# Loser checking out



## abhorrentme (Sep 16, 2011)

I've never liked myself, yet I got married and had kids. Why? I'm a moron! So now that I'm in a midlife crisis, I get the best of both worlds - self hate, and a screwed up mind. (Yes, yes yes!!! I've done more medication and therapy for more than half of my long life). So what did I do? I had an affair of course! Never planned on it! Never thought I was the type! I always called the ones that did "idiots"! Now I get to look in the mirror to see one every remaining day of my life. I tried very hard for many years to get my wife to leave me and find someone normal long before before I began the affair. But she never did. So now she learns of my affair, and then tells me she almost had one but stopped it. She should have kept going! She could have taken the upgrade without a word from me! I'm not mad at her for doing that! I'm mad that she didn't do it all the way! Why won't she see what a loser I am and leave me!!! She can have everything! After all, I hurt everyone involved in my life and the affair. I deserve nothing! Even with the affair, she won't leave me! WHY!!!?

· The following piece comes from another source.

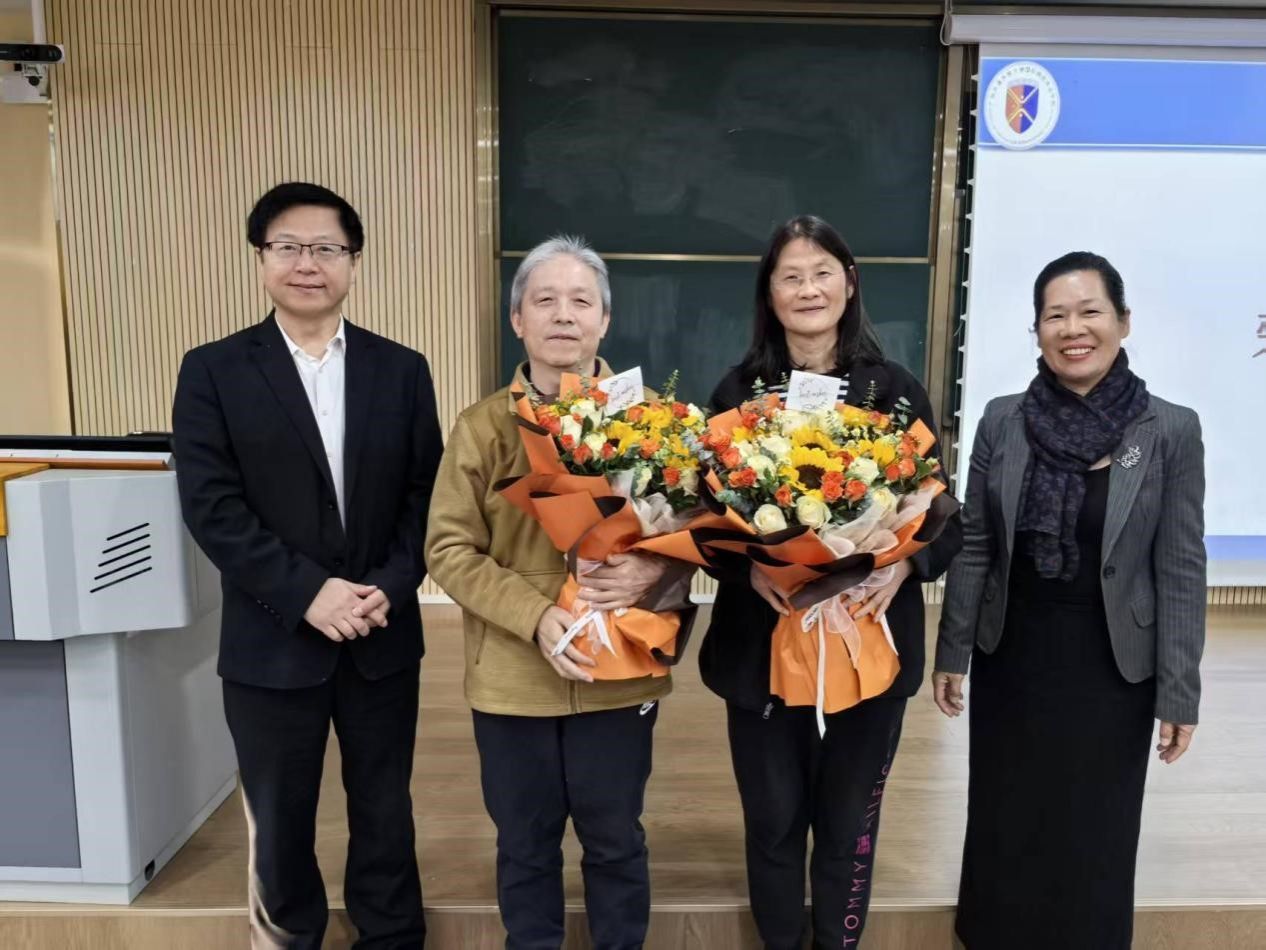 荣休仪式环节,苏冬燕书记、胡春雨院长为荣休教师曾宪明、王美宁老师献花,对他们的辛勤付出表示感谢。两位老师深情回忆与学院共成长、与同事共奋斗的美好岁月,饱含对广外商英的深厚情谊,感动了全院教工。苏冬燕和胡春雨表示,两位老师把美好的青春奉献给党的教书育人事业,为学院的建设发展、为商英学子的健康成长做出不懈努力,恳请老师们继续关心学院发展、多提宝贵意见与建议。

I ruined her life by driving her friends away over the years. I had two friends (all time high!). I saved them from me by cutting myself out of their circles. They didn't care. After all, who wants a loser as a friend? 

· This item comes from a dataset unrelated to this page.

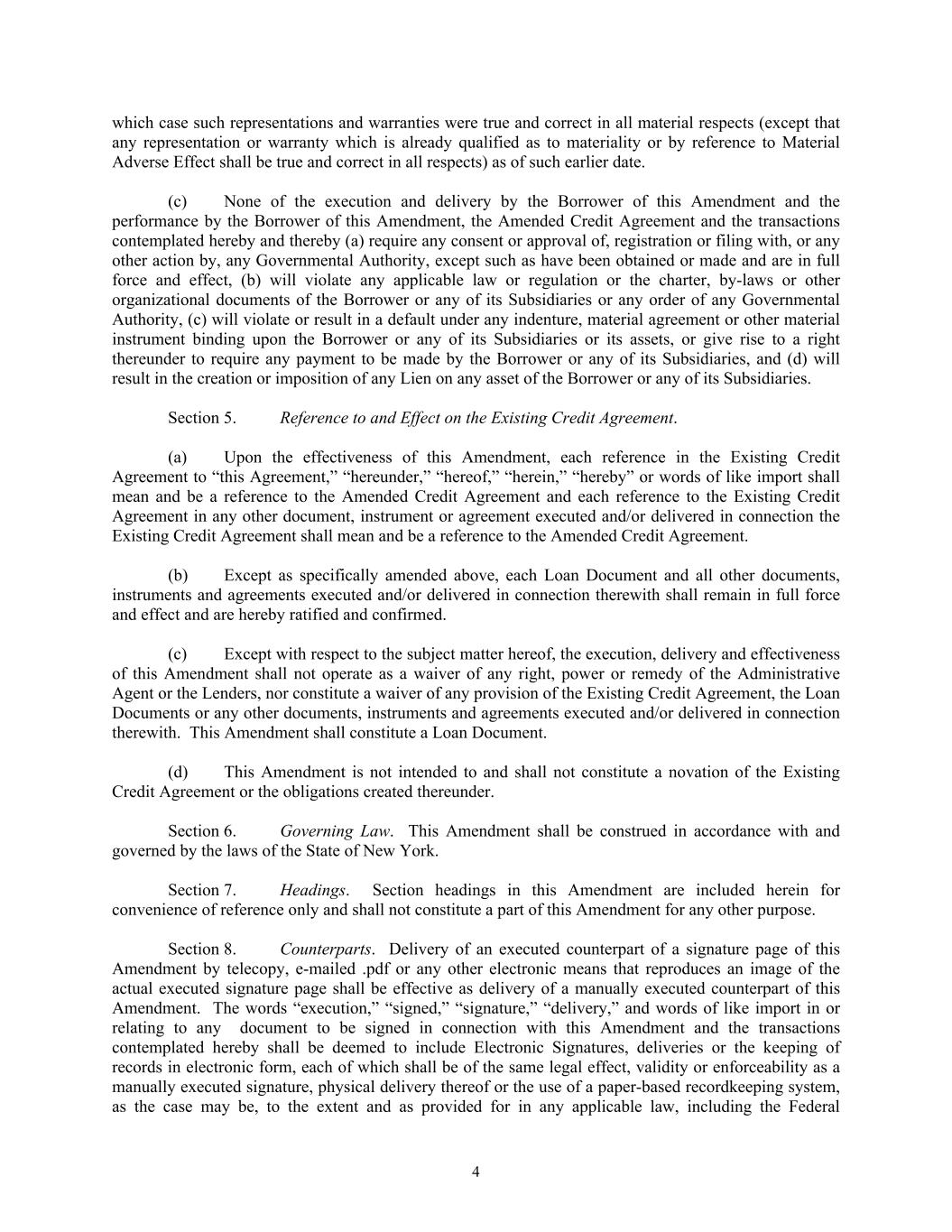 4  which case such representations and warranties were true and correct in all material respects (except that any representation or warranty which is already qualified as to materiality or by reference to Material Adverse Effect shall be true and correct in all respects) as of such earlier date. (c) None of the execution and delivery by the Borrower of this Amendment and the performance by the Borrower of this Amendment, the Amended Credit Agreement and the transactions contemplated hereby and thereby (a) require any consent or approval of, registration or filing with, or any other action by, any Governmental Authority, except such as have been obtained or made and are in full force and effect, (b) will violate any applicable law or regulation or the charter, by-laws or other organizational documents of the Borrower or any of its Subsidiaries or any order of any Governmental Authority, (c) will violate or result in a default under any indenture, material agreement or other material instrument binding upon the Borrower or any of its Subsidiaries or its assets, or give rise to a right thereunder to require any payment to be made by the Borrower or any of its Subsidiaries, and (d) will result in the creation or imposition of any Lien on any asset of the Borrower or any of its Subsidiaries. Section 5. Reference to and Effect on the Existing Credit Agreement. (a) Upon the effectiveness of this Amendment, each reference in the Existing Credit Agreement to “this Agreement,” “hereunder,” “hereof,” “herein,” “hereby” or words of like import shall mean and be a reference to the Amended Credit Agreement and each reference to the Existing Credit Agreement in any other document, instrument or agreement executed and/or delivered in connection the Existing Credit Agreement shall mean and be a reference to the Amended Credit Agreement. (b) Except as specifically amended above, each Loan Document and all other documents, instruments and agreements executed and/or delivered in connection therewith shall remain in full force and effect and are hereby ratified and confirmed. (c) Except with respect to the subject matter hereof, the execution, delivery and effectiveness of this Amendment shall not operate as a waiver of any right, power or remedy of the Administrative Agent or the Lenders, nor constitute a waiver of any provision of the Existing Credit Agreement, the Loan Documents or any other documents, instruments and agreements executed and/or delivered in connection therewith. This Amendment shall constitute a Loan Document. (d) This Amendment is not intended to and shall not constitute a novation of the Existing Credit Agreement or the obligations created thereunder. Section 6. Governing Law. This Amendment shall be construed in accordance with and governed by the laws of the State of New York. Section 7. Headings. Section headings in this Amendment are included herein for convenience of reference only and shall not constitute a part of this Amendment for any other purpose. Section 8. Counterparts. Delivery of an executed counterpart of a signature page of this Amendment by telecopy, e-mailed .pdf or any other electronic means that reproduces an image of the actual executed signature page shall be effective as delivery of a manually executed counterpart of this Amendment. The words “execution,” “signed,” “signature,” “delivery,” and words of like import in or relating to any document to be signed in connection with this Amendment and the transactions contemplated hereby shall be deemed to include Electronic Signatures, deliveries or the keeping of records in electronic form, each of which shall be of the same legal effect, validity or enforceability as a manually executed signature, physical delivery thereof or the use of a paper-based recordkeeping system, as the case may be, to the extent and as provided for in any applicable law, including the Federal

I know a divorce is going to happen, no matter what she says now. I can't wait to be destroyed in court and in public for what I did, and who I am. When the divorce is final, I'll be broke, homeless, hated be everyone (including me), and existing for no reason.

So there's only one thing left for me to do, check out (of course it will be accidental). The insurance will pay the remaining mortgage, she'll get my retirement funds and all other monies I have coming to me, and she can start that new relationship she needs to live a quality life. Everyone who deserves to have a better life, will. I'll get my eternal punishment that I have always wanted and deserved since birth.

Feel like commenting, or try to talk me out of it? Go ahead! I'll never see it. Pity party? Nope! Pure reality.


----------



## pidge70 (Jan 17, 2011)

If you are serious you need to talk to someone STAT! Suicide is a permanent solution to a temporary problem.
_Posted via Mobile Device_


----------



## brokenbythis (Aug 21, 2011)

Why do you hate yourself so much? What has caused you to feel this way?

Has it ever occured to you your wife loves you unconditionally, faults, good and bad and everything in between. Affairs are forgiveable.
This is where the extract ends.